Please restate each line of the material word for word and omit any pictures.

▸ Information shown
══════════

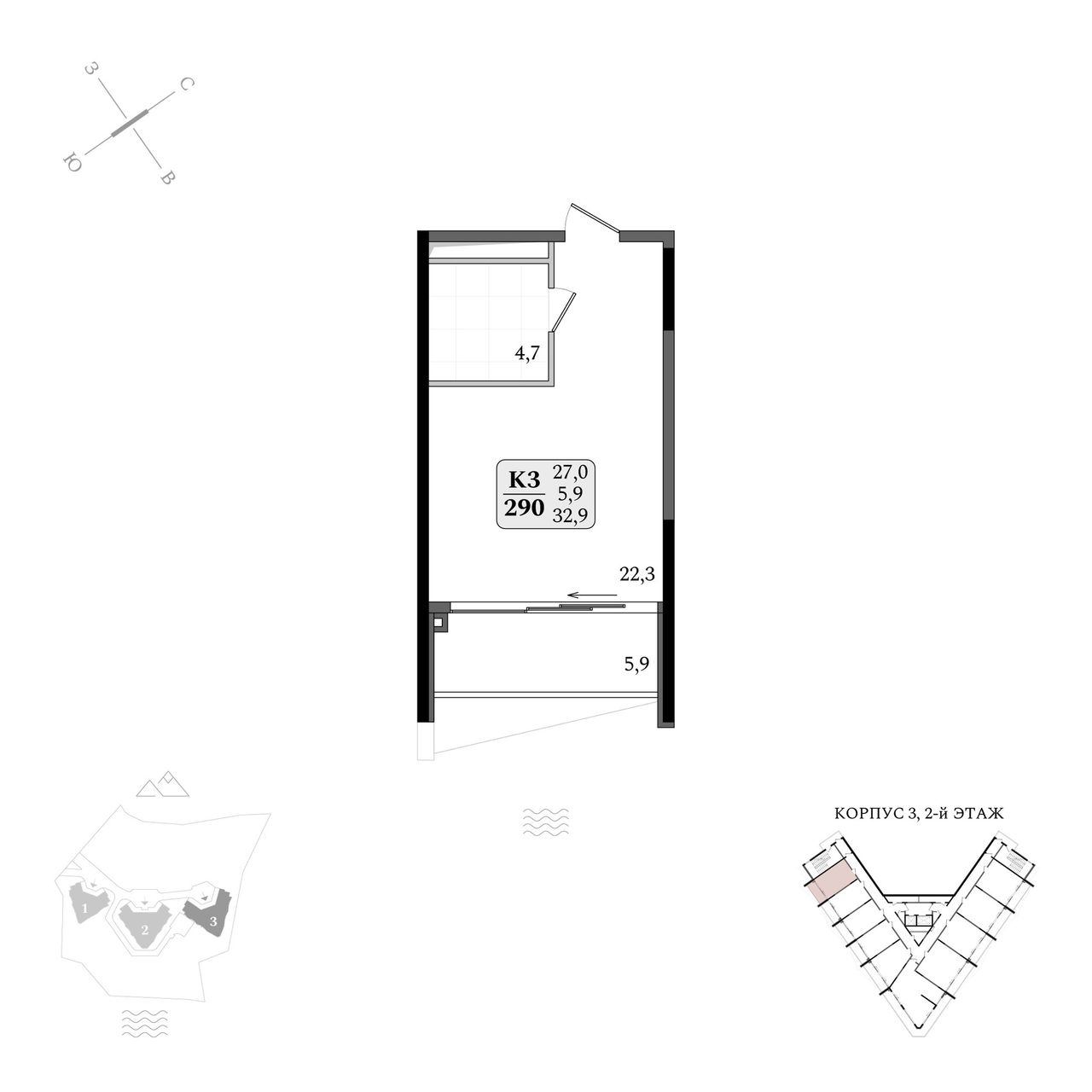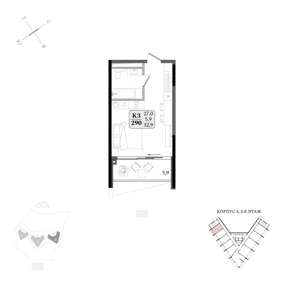 Продаются апартаменты № 3/290 площадью 32,9 м2
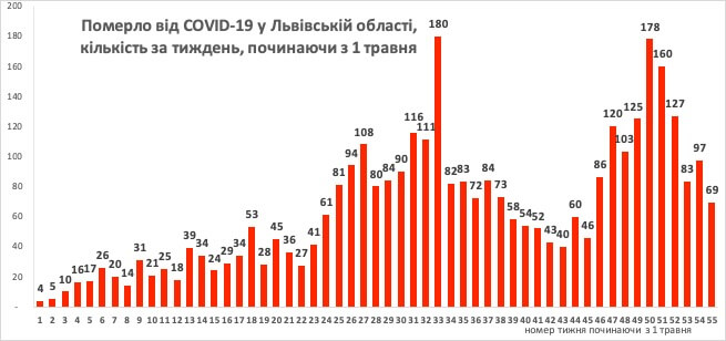 Зменшується також і кількість смертельних випадків коронавірусної інфекції, яка за останній тиждень склала 69 осіб, і це вже третій тиждень поспіль коли тижнева кількість померлих менша за сто осіб.
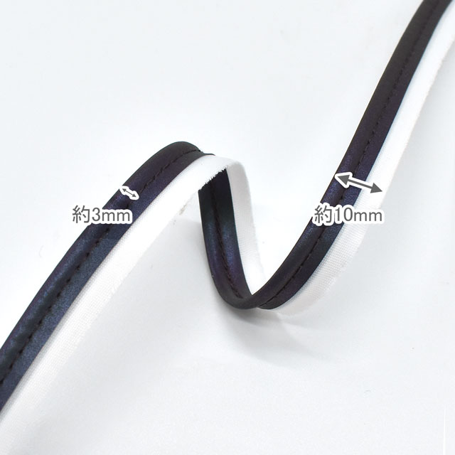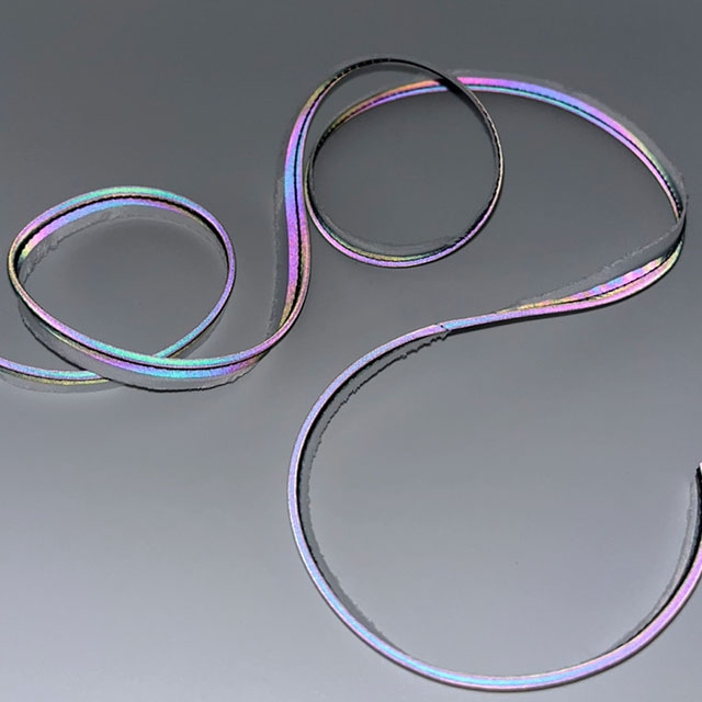 フラッシュライトをあてるとオーロラのように光って見える生地「オーロラリフレクター」を使用したパイピングテープです。

══════════

▸ Result
 Продаются апартаменты № 3/290 площадью 32,9 м2
 Зменшується також і кількість смертельних випадків коронавірусної інфекції, яка за останній тиждень склала 69 осіб, і це вже третій тиждень поспіль коли тижнева кількість померлих менша за сто осіб.
 フラッシュライトをあてるとオーロラのように光って見える生地「オーロラリフレクター」を使用したパイピングテープです。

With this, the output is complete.